PUMPKIN CHOCOLATE CHIP MUFFINS
Source: Love and Zest
1/2 cup honey
1 cup pureed pumpkin
1/2 cup melted coconut or grapeseed oil
1/2 cup unsweetened applesauce
1 teaspoon vanilla
1 cup whole wheat flour
2/3 cup almond flour
1 teaspoon baking soda
1/2 teaspoon salt
1/2 teaspoon baking powder
1/2 cup chopped walnuts
1/3 cup chocolate chips plus extra to top muffins (or dried fruit like raisins or cranberries)
2 tablespoons chia seeds (optional)
3 tablespoons flaxseed meal (optional)
2 tablespoons brewer’s yeast
- Preheat oven to 350 degrees F. Whisk together the wet ingredients (eggs through vanilla).
- In another bowl, combine the dry ingredients (whole wheat flour through brewer’s yeast).
- Add the dry ingredients to the wet and mix well.
- Line muffin tins with paper. Fill each to the top with batter and top with chocolate chips (optional).
- Bake 25 to 30 minutes for regular muffins, 22 minutes for mini muffins, and 55 minutes for a loaf.
- They are ready with a toothpick inserted in the middle comes out clean.
- Cool for a few minutes in the pan on a rack. Then, remove from the pan and cool completely on a rack.
HEALTHY CINNAMON RAISIN LACTATION MUFFINS
Source: Food With Feeling
Muffin – Ingredients:
1.5 cups whole wheat flour (I prefer King Arthur brand)
1.5 cups oatmeal
⅓ cup brown sugar
⅔ cup coconut oil
3 tablespoons butter
1.5 cups milk
1 teaspoon vanilla
1.5 tablespoons brewer’s yeast
1.5 tablespoons ground flax
1 tablespoon baking powder
1 teaspoon salt
2 tablespoons cinnamon
¾ cup raisins
1 cup walnuts, chopped
Cinnamon Crumble Topping – Ingredients:
2 tablespoons brown sugar
2 tablespoons flour
1 teaspoon cinnamon
1 tablespoon butter
- Preheat oven to 425 and prepare the muffins tin with butter or cooking spray.

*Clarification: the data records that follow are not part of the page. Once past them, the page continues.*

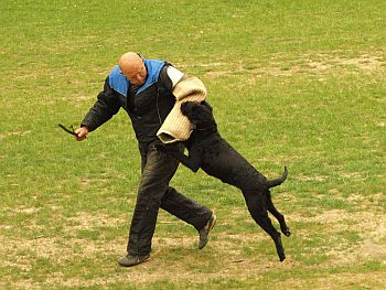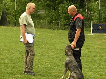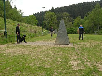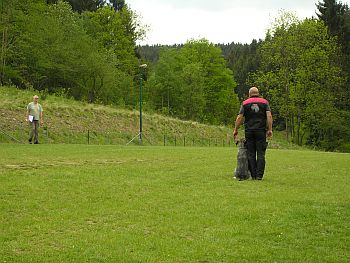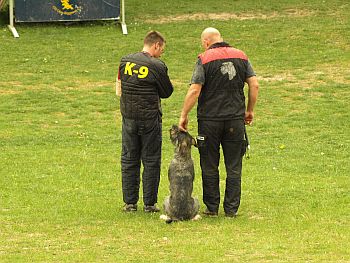 Zum Abschluss des ersten Tages wurden dann noch die Hunde im Schutzdienst geführt und bewertet.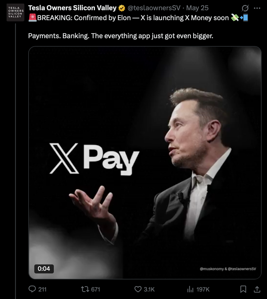 ایلان ماسک، مدیرعامل تسلا (Tesla)، روز یکشنبه تأیید کرد که سرویس پرداخت X در مرحله بتا بهزودی عرضه میشود. او در پاسخ به حساب کاربری Tesla Owners Silicon Valley که نوشته بود: «X بهزودی X Money را راهاندازی میکند»، گفت: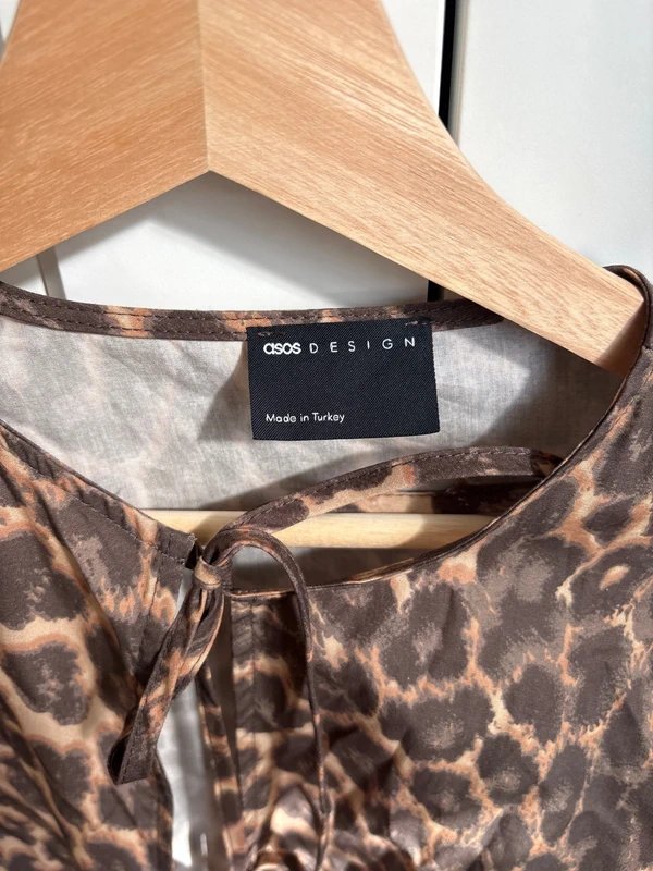 The ASOS Leopard Print Tie Front Top in Brown is available in sizes M.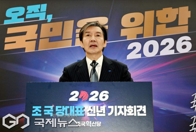 (서울=국제뉴스) 조국 조국혁신당 대표가 4일 서울 여의도 국회 의원회관에서 신년 기자회견을 하고 있다./사진=이용우 기자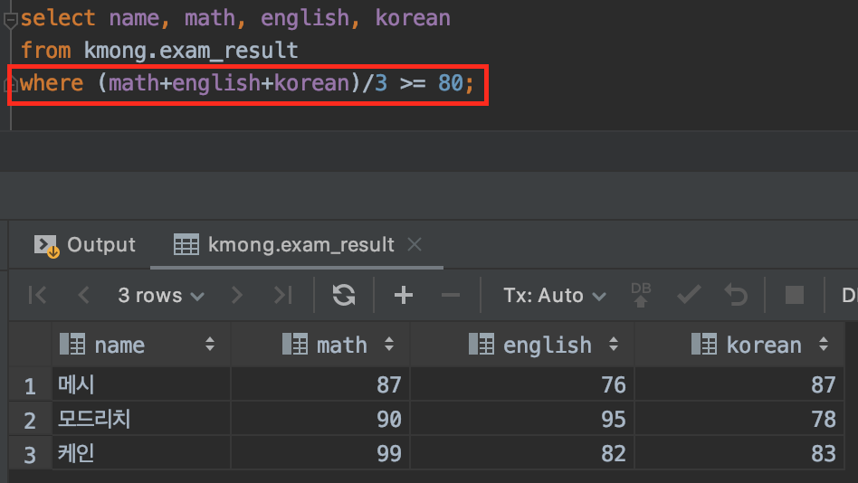where (math+english+korean)/3 >= 80;

- Combine all muffin ingredients in mixer and beat until combined. If you want to make the crumble topping, stir ingredients together in a small bowl.
- Pour batter into prepared muffin pan and top with crumble.
- Bake for 10-13 minutes or until golden brown.
We hope that these recipes will help you with your lactation journey. By using brewer’s yeast, may you have a better milk output that is capable to cover your baby’s daily milk needs.